### What is being asked
Keep the images out while you retype all of the data exactly.

### Information supplied
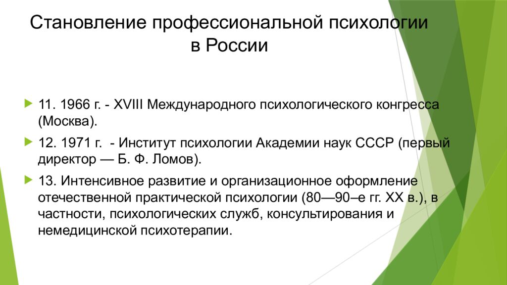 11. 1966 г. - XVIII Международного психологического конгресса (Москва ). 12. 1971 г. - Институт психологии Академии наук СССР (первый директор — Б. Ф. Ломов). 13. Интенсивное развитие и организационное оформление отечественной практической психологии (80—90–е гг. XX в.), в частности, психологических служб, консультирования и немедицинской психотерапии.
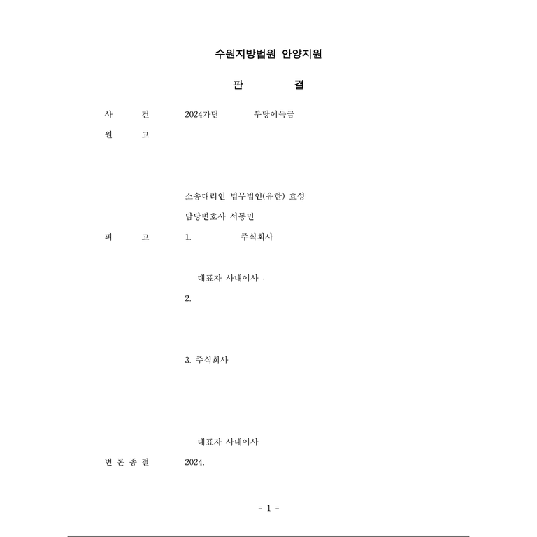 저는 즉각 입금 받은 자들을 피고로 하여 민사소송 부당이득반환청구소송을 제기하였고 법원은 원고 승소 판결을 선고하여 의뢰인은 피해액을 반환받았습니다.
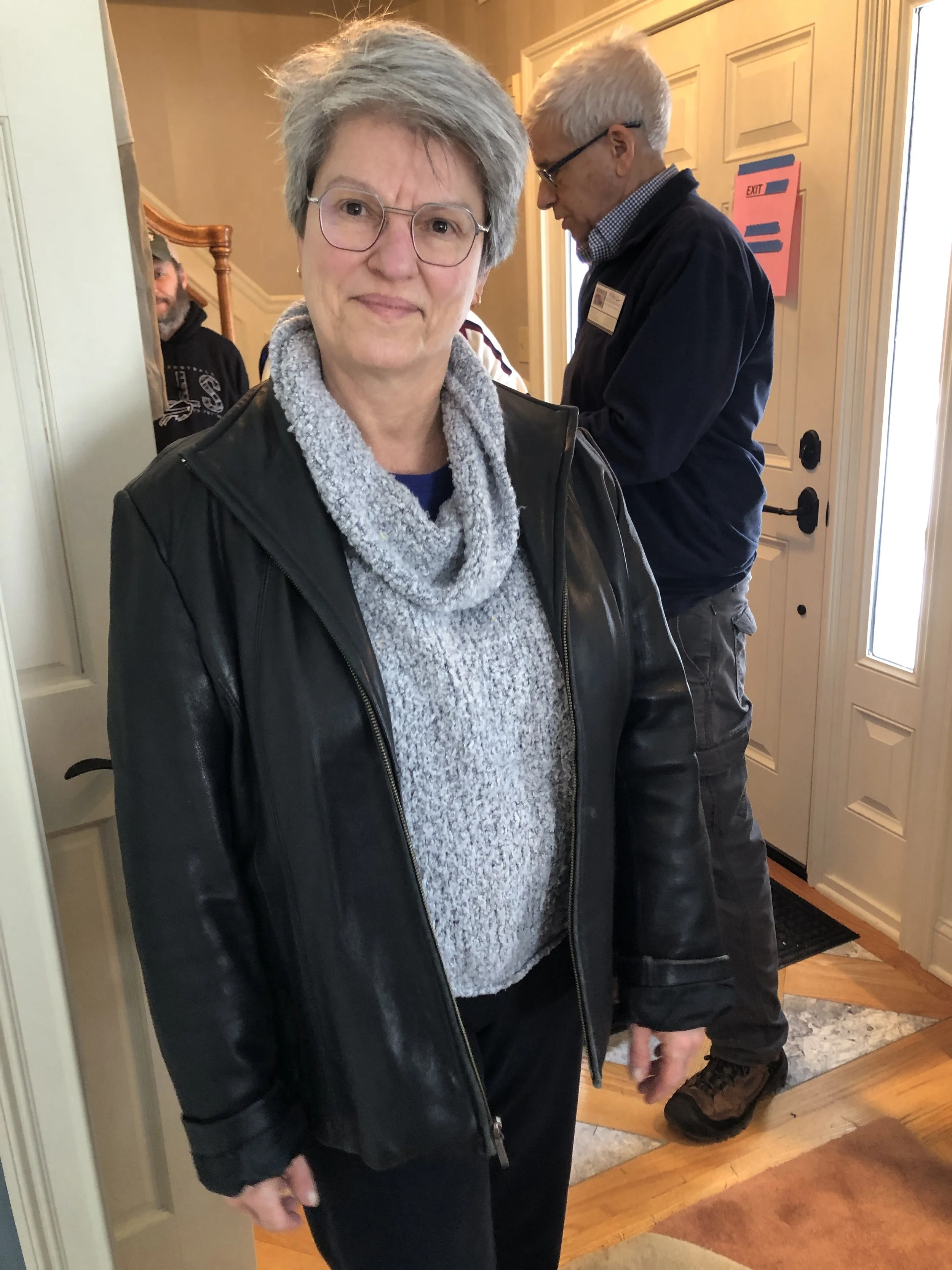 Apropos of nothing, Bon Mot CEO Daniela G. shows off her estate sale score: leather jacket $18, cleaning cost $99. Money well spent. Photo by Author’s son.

### Answer box
 11. 1966 г. - XVIII Международного психологического конгресса (Москва ). 12. 1971 г. - Институт психологии Академии наук СССР (первый директор — Б. Ф. Ломов). 13. Интенсивное развитие и организационное оформление отечественной практической психологии (80—90–е гг. XX в.), в частности, психологических служб, консультирования и немедицинской психотерапии.
 저는 즉각 입금 받은 자들을 피고로 하여 민사소송 부당이득반환청구소송을 제기하였고 법원은 원고 승소 판결을 선고하여 의뢰인은 피해액을 반환받았습니다.
 Apropos of nothing, Bon Mot CEO Daniela G. shows off her estate sale score: leather jacket $18, cleaning cost $99. Money well spent. Photo by Author’s son.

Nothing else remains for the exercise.